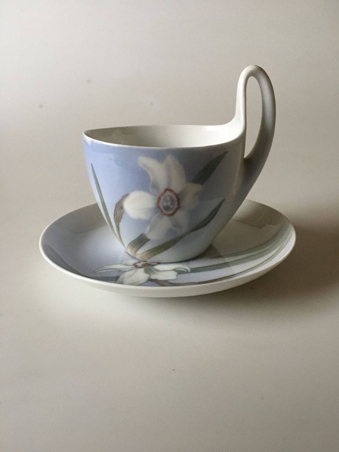 Royal Copenhagen Art Nouveau Small High Handled Cup and Saucer No. 81/4. Cup and Saucer are in fine condition. Cup measures 5.2 cm H (8 cm H measured to the top of the handle). 2nd Quality
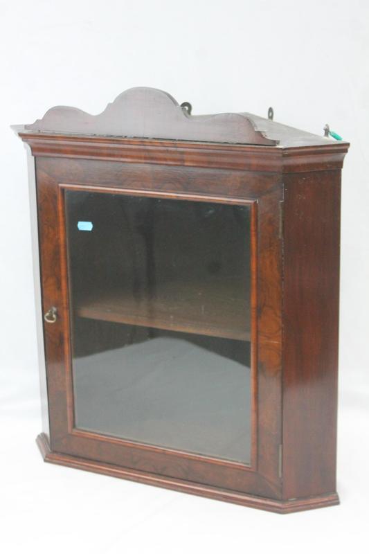 Lot 351 - MAHOGANY CORNER WALL DISPLAY CABINET
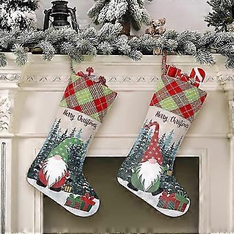 2 Pack Christmas Stockings, 17" Burlap Linen Santa Xmas Stockings Fireplace Hanging Stockings For Christmas Holiday Family Decorations Xmas Gift
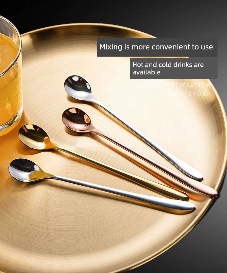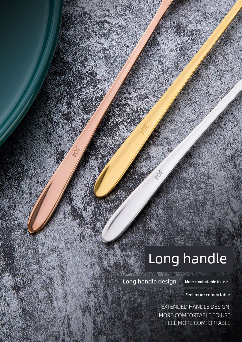 304 Stainless Steel Long Spoon For Home Ins Golden Delicate Coffee Stirring Small Spoon Good-looking Dessert Spoon
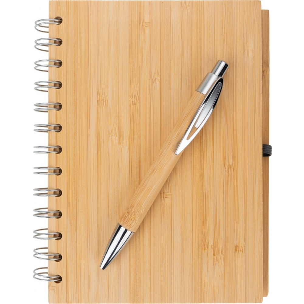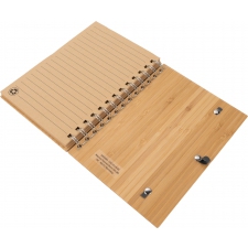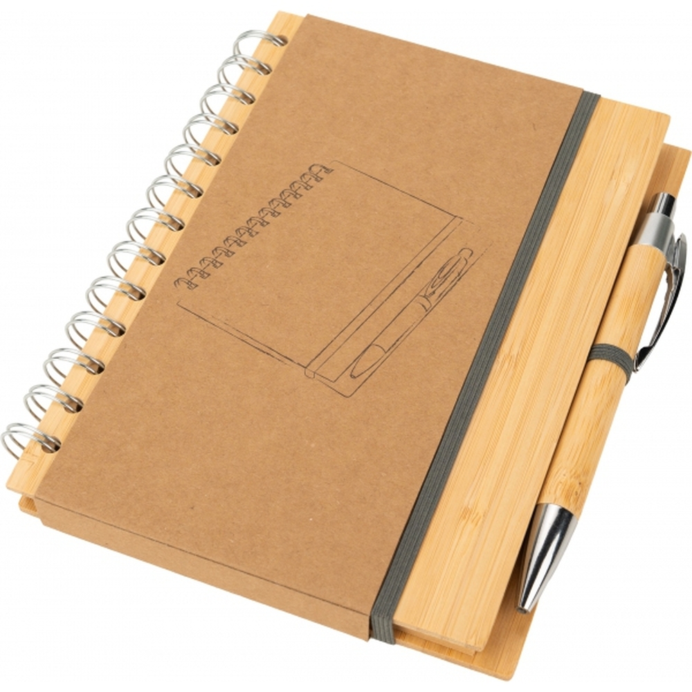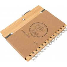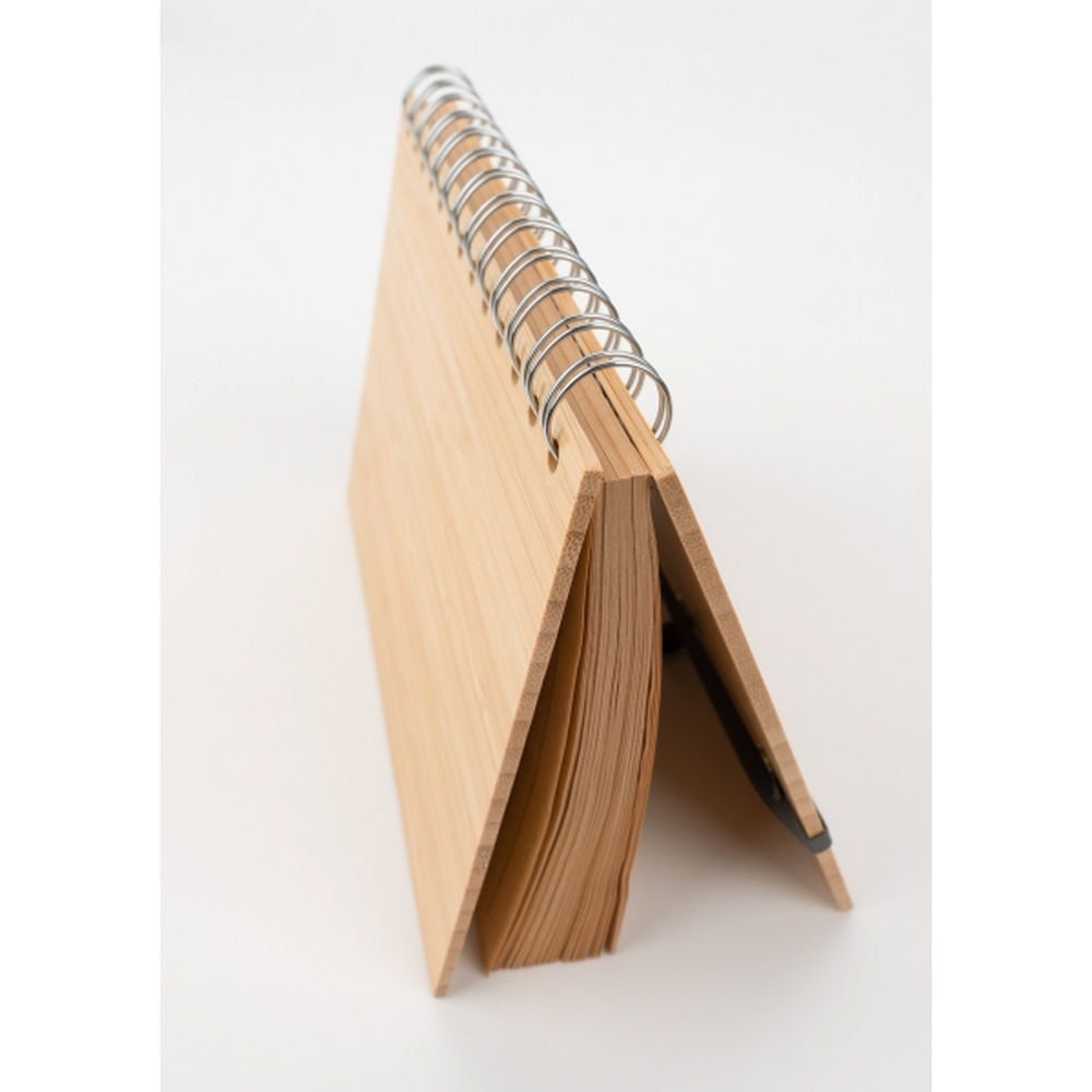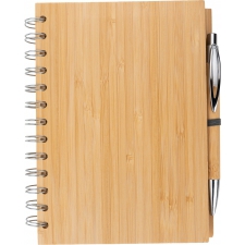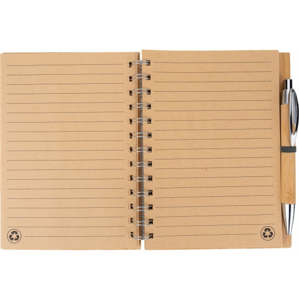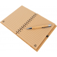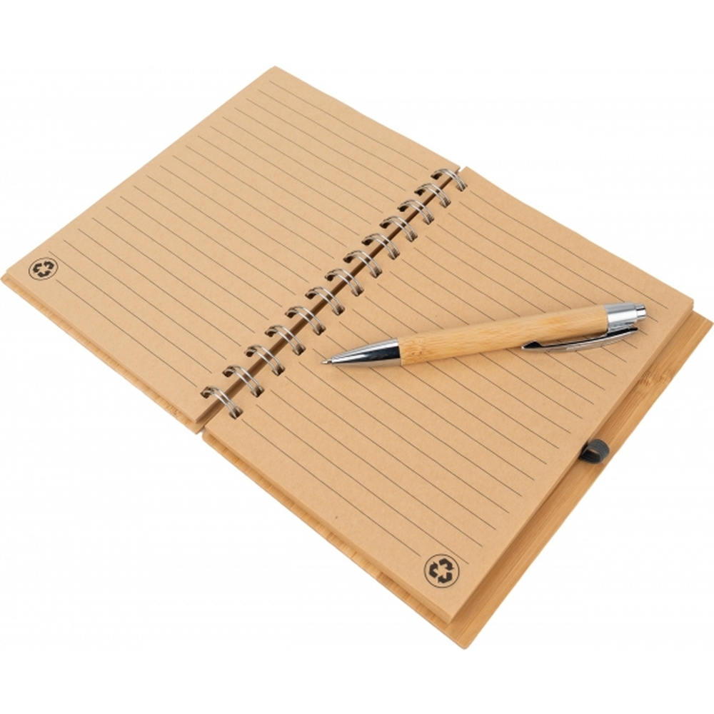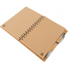 Notes A5 w okładce z bambusa. Zawiera 140 stron z niebielonego papieru w linie pochodzącego z recyklingu, a także bambusowy długopis z niebieskim wkładem.

*Required action*. No pictures belong in the output. It should reproduce exactly the lines from the one containing "Lot 351 - MAHOGANY" through the end of the data, both ends included.

*Solution for this problem*.
 Lot 351 - MAHOGANY CORNER WALL DISPLAY CABINET
 2 Pack Christmas Stockings, 17" Burlap Linen Santa Xmas Stockings Fireplace Hanging Stockings For Christmas Holiday Family Decorations Xmas Gift
 304 Stainless Steel Long Spoon For Home Ins Golden Delicate Coffee Stirring Small Spoon Good-looking Dessert Spoon
 Notes A5 w okładce z bambusa. Zawiera 140 stron z niebielonego papieru w linie pochodzącego z recyklingu, a także bambusowy długopis z niebieskim wkładem.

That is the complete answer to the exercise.